RESUME
D. Pengantar Pembicaraan
Pembicaraan tentang sastra lisan ini bukanlah sesuatu yang baru. Hal ini sudah lama ada,
walaupun istilah yang berbeda. Buku-buku lama tentang sastra di Indonesia menyebutnya dengan
beberapa istilah, seperti sastra lama ( Sutan Takdir Alisjahbana, Zuher Usman, Simorangkir
Simanjuntak ) ataupun sastra tradisional dan sastra klasik ( Winatedt, Liauw Yock Fang ). Ada juga yang
menyebut sastra rakyat (Ismail Husein). Sastra lama ataupun sastra tradisional ini dipertentangkan
dengan sastra baru atau sastra modern.
Pembicaraan-pembicaraan itu membuktikan bahwa sastra lisan itu ada, ada wujudnya (exist), ada
‘pengwujudnya’ ( bearer, senimannya), dan ada masyarakatnya, yaitu masyarakat pemilik dan
penikmatnyadan khalayaknya (audiences).
Sastra lama itu dikatakan beredar secara lisan di tengah masyarakatnya, bahkan kadang disebut
sebagai sastra’masyarakat buta huruf’/’masyarakatnya, tradisional’. Bentuk sastra lisan sudah
tertentu (pantun, syair, seloka, gurindam, bidal, prosa liris; yang berbentuk prosa disebut hikayat) dan
ungkapannya sama (disebut klise). Bahkan dalam hal pantun, bila seseorang menyebutkan
sampiranny, yang lain sudah mengetahui isinya, atau paling tudak dapat membayangkan isinya,
seperti bila diucapkan sampiran,
Pulang pandan jauh ditengah
Di balik pulau Angsa Dua
Masyarakat sudah tahu isinya:
Hancur badan dikandung tanah
Budi baik terkadang juga (Amir,2010).
Begitu juga bentuk ungkapan rambut mayang mengurai, kening keliran taji, bulu mata semut
beriring, pandangan bak bulan sayup, mata bak bintang timur, dan seterusnya, kerap, bahkan hampir
selalu digunakan para penampil sastra lisan ini dan para penutur adat. Itulah sebabnya sastra lama
dikatakan menggunakan ungkapan klise, tidak ada ciptaan baru. Tentang bentuk-bentuk berulang
dalam sastra lama ini, sutan takdir (1968:5) mengatakan bahwa sastra lama lahir dari masyarakat lama
yang tidak mementingkan, bahkan tidak mau ada perubahan. Mereka menginginkan masyarakat yang
statis. Dengan keadaan yang demikian, sastra lama itu dikatakan bersifat statis pula.

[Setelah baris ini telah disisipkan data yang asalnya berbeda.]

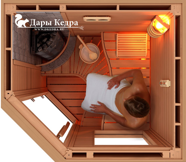 Пятиместная (семиместная) угловая инфракрасная сауна кабина из кедра с карбоновыми излучателями

Winstedt dan Liauw Yock Fang hanya menguraikan sastra tradisional atau sastra lama. Kedua
penulis ini melanjutan pembicaraan, bahkan’berlama-lama’ dengan cerita dari naskah, yaitu
peninggalan dalam bentuk tulisan tangan/filologi. Sastra lisan tidak mendapat perhatian.
Pada dekade 70-an dan 80-an, pusat pembinaan dan pengembangan bahasa mempunyai sebuah
proyek, yaitu Proyek Inventarisasi Bahasa dan Sastra Indonesia dan Daerah, kemudian Proyek
Penerbitan Buku Sastra Indonesia dan Daerah. Dari proyek itu telah terbit banyak buku sastra lisan
dan berbagai topik linguistik bahasa daerah di Indonesia. Khusus tentang sastra lisan, tampaknya
meliputi berbagai topik yang datanya didapat secara lisan, termasuk transkripsi cerita lisan yang
diceritakan seorang nenek, cerita humor, transkripsi mentera, dan permainan anak-anak.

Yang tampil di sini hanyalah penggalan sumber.